City sidewalks, busy sidewalks
Dressed in holiday style
In the air there's a feeling
Of Christmas
Children laughing, people passing
Meeting smile after smile...
(...and the song continues)
It's Christmas time in the city
Strings of streetlights, even stoplights
Blink a bright red and green
As the shoppers rush home with their treasures
Hear the snow crunch...
This was my Christmas wish, a dream-come-true. Let's visit our kids in Brooklyn in early December and experience the magic of NYC at Christmas. Traffic. Standing in line. Jockeying for a seat on the train. Adrenaline rush. The hype of the Big Apple is definitely on steroids during the holiday season. Shop windows and billboards display extravagant imaginings of designers and marketing gurus. Hotels, restuarants, and harbor lights twinkle in a particularly festive way. The proverbial "hustle and bustle" is palpable as subways screech through the annals of the city delivering us to museums, Times Square, SOHO, The 9/11 Memorial, Radio City Music Hall, and glorious vantage points from where we watch the nightlights waking up on the Brooklyn and Manhattan Bridges.

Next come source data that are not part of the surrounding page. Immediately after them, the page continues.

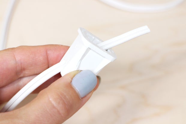 Passez les extrémités dénudées du cordon de la lampe à travers le trou latéral du capuchon. Écartez les fils d'environ 7,5 cm et faites un nœud d'assureur. (Comme ci dessus)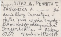 SITKO H. PŁACHTA, T. ; JANKOWSKA, A. ; Badanie flory Czorsztyna i okolic przy użyciu zmodyfikowanego odczynnika Dragendorffa.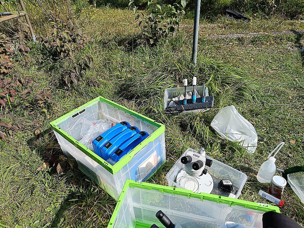 Vielen Dank an Frau Laufer, die vermutlich die gesamte Biologiesammlung der Schule in ihr Auto geladen hat, um uns bestmöglich auszustatten. So hatten wir die Möglichkeit, die Ökosysteme mit professionellen Mitteln zu erforschen.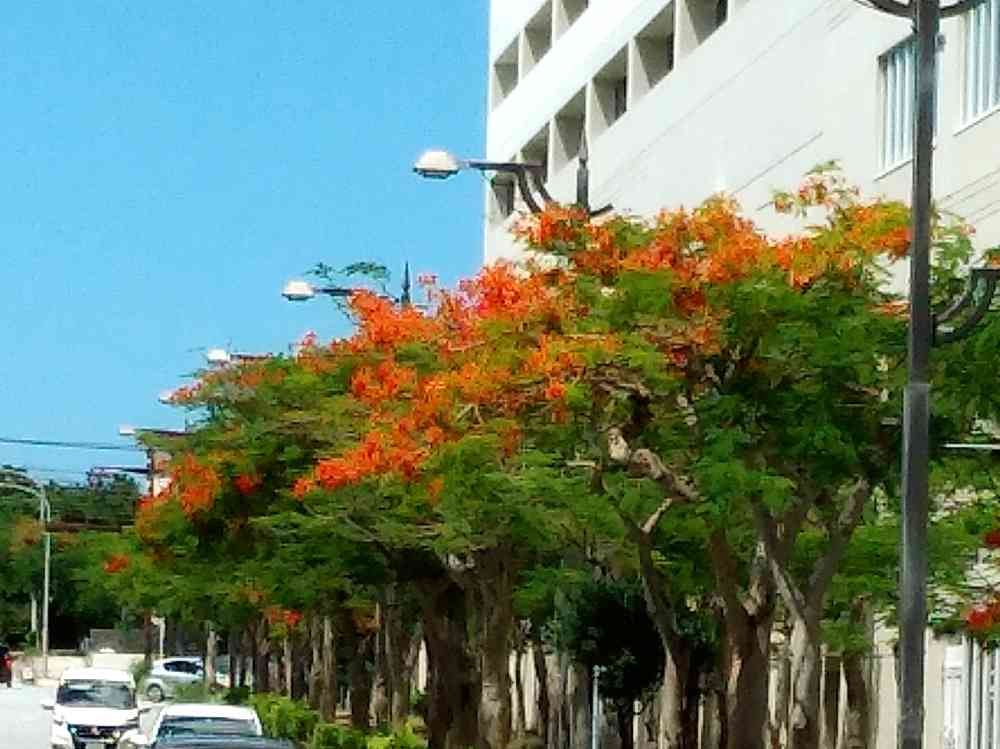 昨日まで会社の同僚がそちらに行ってて、ホウオウボク見たかと尋ねたんだけど、見つけられなかったみたいです😊

Just like in the movies, ice skaters spin figure-eights near the tree at Rockefeller Center. We pose together at the spot where Nathan and Celina were photographed six years ago when they made a daytrip to the city and he proposed atop the Empire State building overlooking this city they have grown to love.

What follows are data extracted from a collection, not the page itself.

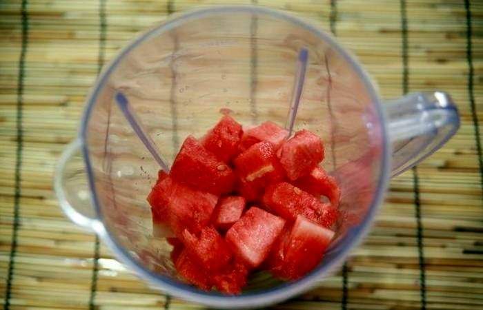 Арбузную мякоть измельчите блендером в пюре.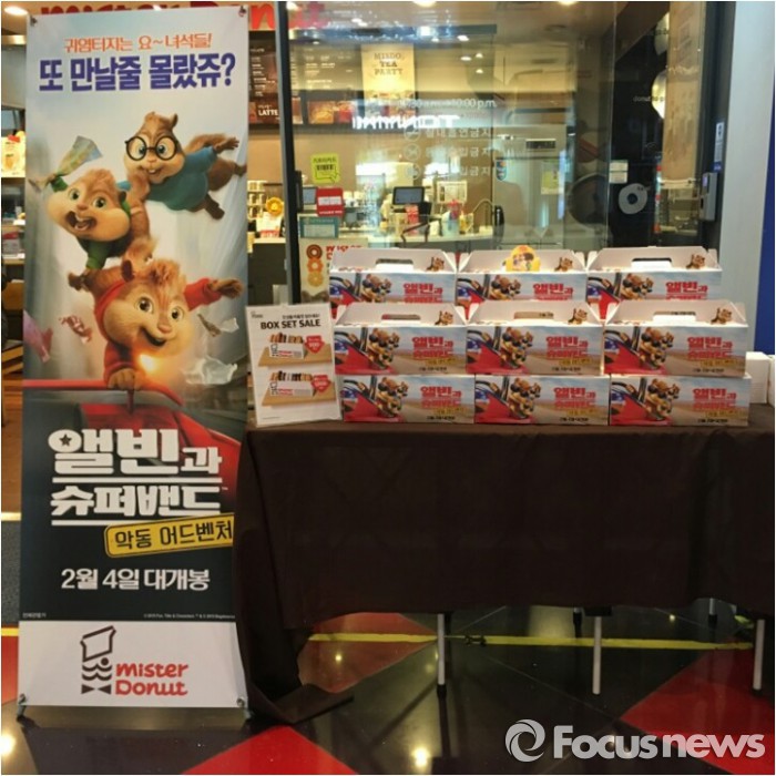 (서울=포커스뉴스) 미스터도넛은 오는 2월4일 개봉하는 영화 ‘앨빈과 슈퍼밴드: 악동 어드벤처’와 마케팅 제휴를 맺고 관련 프로모션을 진행한다.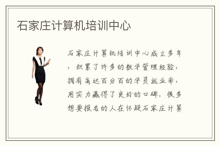 石家庄计算机培训班成立至今多年,招聘了大量名牌大学毕业的博士、硕士等高学历的计算机专业教师,以及一些在计算机行业有过两年以上丰富计算机经验的优秀计算机程序员,通过别具一格的教学方式,用幽默风趣的课堂氛围充分调动起学员对于学习计算机专业的热情,打破了计算机专业课程常规的无聊枯燥模式,让学生在四个月之内牢牢掌握计算机专业的相关技能。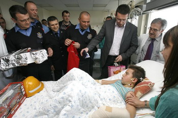 Београд, 31. март 2011. године – Помоћник министра унутрашњих послова и начелник Сектора за ванредне ситуације Предраг Марић и припадници ватрогасно-спасилачке бригаде посетили су данас у Институту за мајку и дете осмогодишњег дечака који је пре неколико дана био прикљештен у лифту у згради у Земуну.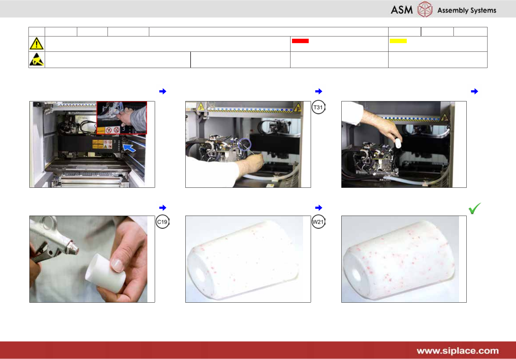10 每六个月 X_系列_S 底座 **/********* 5分钟 1/2 注意开始维护前,请参阅用户手册中的安全说明 贴片机状态 关闭 传送系统空 注意!遵守防静电守则 工具: T31 易损件: W21 耗材: C19 1 将 4 号和 2 号料台上的悬臂移到极限位 上 2 拧松 1 号和 3 号悬臂的螺丝 3 取出滤芯 4 将灰尘吹出 5 检查其是否干净 6 如正常,转至第 8 步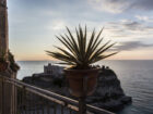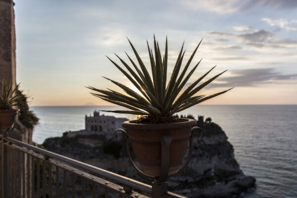 Il sole tinge il cielo di calde sfumature rosa, gialle e arancio che si riflettono sul mare dietro il Santuario della Madonna dell’Isola. In lontananza, dove il cielo e il mare si fondono, si scorgono anche le isole Eolie, disegnando un panorama mozzafiato.

The renowned Christmas Spectacular at Radio City Music Hall is nothing short of...well, spectacular!! The production, everything one would expect featuring those precision-trained Rockettes, is spell-binding. Of particular amazement is the fact that, in this day and age of political correctness, the performance remains totally Christmas-oriented. While snowflakes and nutcracker and Santa vignettes are feted, the event culminates with a glorious nativity scene in which scripture is quoted and the birth of Christ is portrayed. Show times happen six times per day on Saturdays, five on Sundays, four on weekdays between mid-November and mid-January each year since the 1930's. Think of the number of people that are seeing the message of the Savior's birth...witnessing the testimony of Emmanuel, God with us, that truth that remains constant through the ages.

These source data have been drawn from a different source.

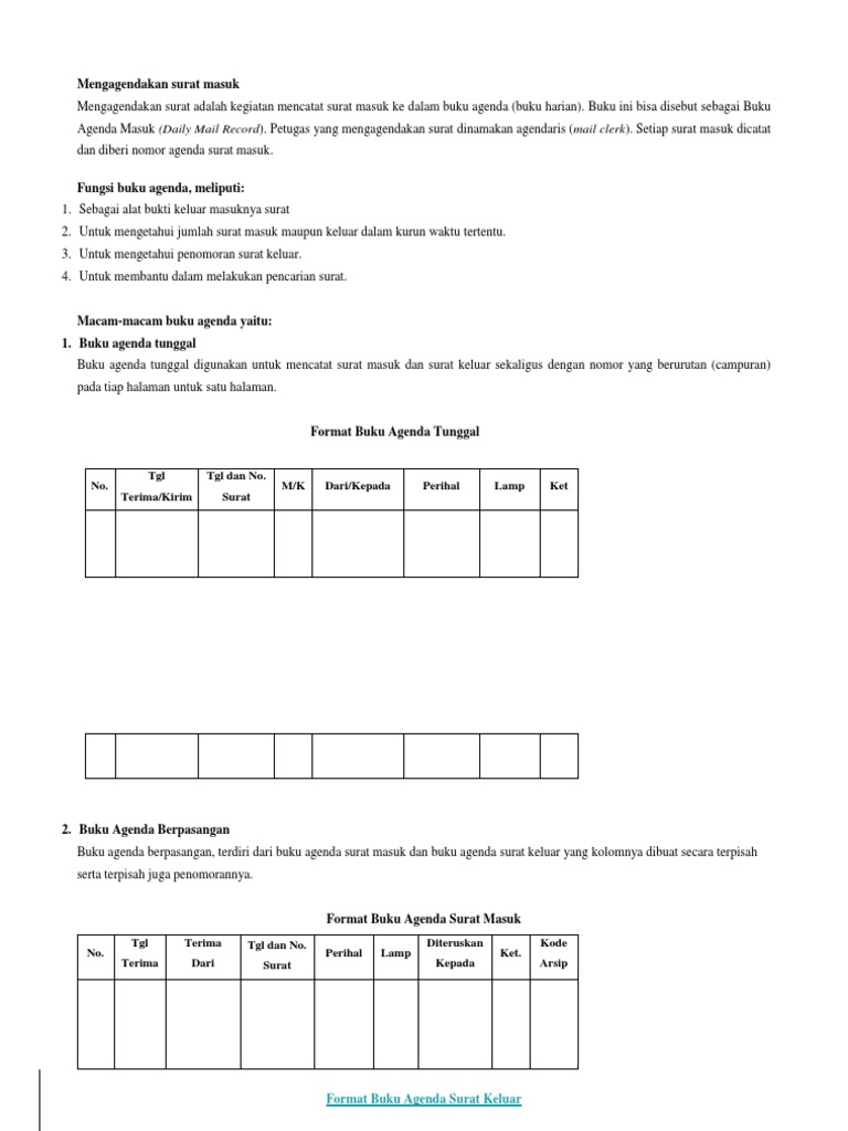 Contoh buku agenda tunggal. Adalah suatu buku yang digunakan untuk mencatat surat surat masuk dalam satu tahun. Agenda dengan format buku tunggal adalah buku yang digunakan untuk merekap aktivitas dan data tentang surat masuk dan surat keluar secara berurutan pada satu buku yang sama. Buku agenda tunggalcampuran yaitu buku agenda yang dipergunakan untuk mencatat surat masuk dan keluar sekaligus secara berurutan campuran pada tiap tiap halamannya. Contoh buku agenda kembar. Maaf saya copas ya dan terima kasih telah berbagi. Contoh buku agenda surat masuk.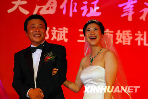9月27日,王楠與丈夫郭斌在婚禮現(xiàn)場(chǎng)。新華社發(fā)(初陽 攝)
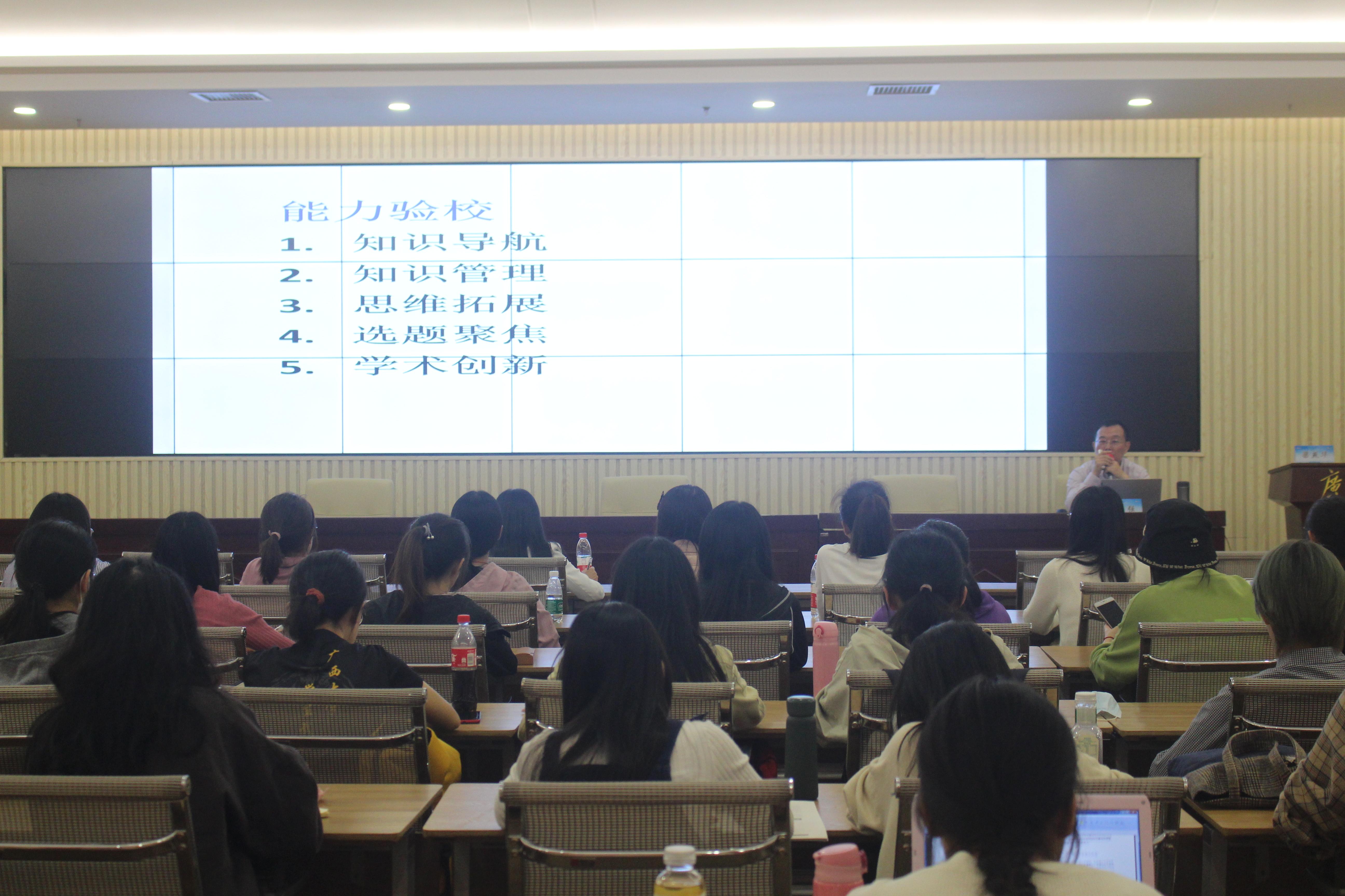 首先,胡强教授以研究生扩招大背景下国家越来越注重研究生教育作为引入,强调了知识管理对于研究生的重要性,并谈到了作为研究生应该把课题的申报作为学术出发的起点,进行一种思维的升级。随后,胡教授分别从如何选题和怎样做好课题论证方面展开了具体论述。

Amidst the towering skyscrapers and the ancient awe of St. Patricks Cathedral, in the juxtaposition between historic and innovative architecture, among broken fragments and shimmering structures, we witnessed anew that there, remains, indeed, a foundation that is unshakeable, unchangeable, unalterable.
And the story grows old
The Savior we love still watches His fold.
And his star still shines over city and mart
And His voice still speaks to the listening heart.
PS The only thing we "ordered" for our gala weekend that we didn't get was a Thomas Kinkaid snowfall setting aglow street lights and dusting the Brooklyn brownstones. But all is righted with the news that our Brooklyn family is relocating to Atlanta in 2016!